Income Taxes. A permanent resident is deemed to be an income tax resident of the United States for as long as the green card is issued, even prior to one’s actual presence in the United States. Effectively, what this means is that all of the permanent resident’s worldwide income becomes subject to U.S. income tax—even on assets earned and held entirely outside the U.S. prior to immigrating to the U.S.

This is a surprising result for many individuals seeking to immigrate to the United States. Because the foreign national is usually a citizen of one or more other countries, he or she may become subject to double or triple taxation. However, the certain treatise and U.S. Foreign Tax Credit (discussed in detail in another Q&A) help to alleviate this burden. Even so, advanced tax planning should be employed to minimize these effects of immigration.

Transfer Taxes. Much less intuitive and often surprising to the permanent resident is the applicability of U.S. transfer taxes. These are the taxes that occur upon one’s death, or upon one’s transfer of assets by gift to beneficiaries (gift tax) or to, for example, grandchildren (generation-skipping tax).
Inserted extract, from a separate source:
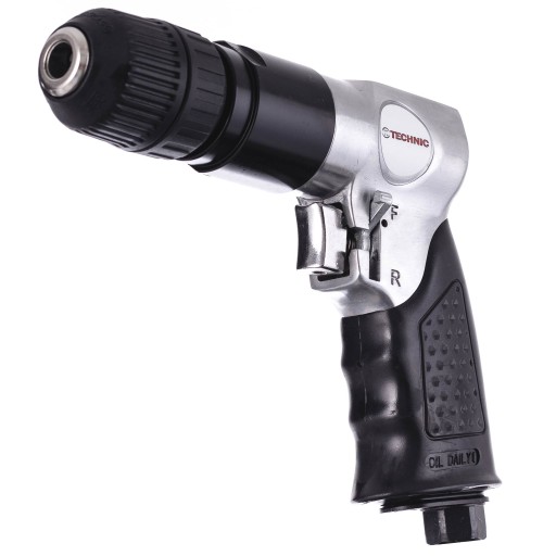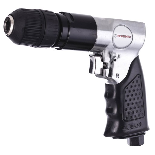 Profesjonalna wiertarka pneumatyczna firmy TECHNIC. Posiada samozaciskowy uchwyt wiertarski obsługujący wiertła o rozmiarach od 0,8 do 10mm.

Once deemed to be domiciled in the U.S., the foreign national becomes subject to this transfer tax system. Essentially, he or she will face taxes upon the gratuitous transfer of assets to their spouse, children, grandchildren and others. Generally speaking, the same rates of taxation, exemptions, and deductions as a U.S. citizen will apply. Importantly, the unlimited martial deduction, which allows one to transfer an unlimited number of assets to one’s spouse tax free, does not apply if the transferee spouse is a non-U.S. citizen. However, an estate planner may be able to help structure things so to preclude taxation upon those transfers if the transferee spouse is a non-U.S. citizen.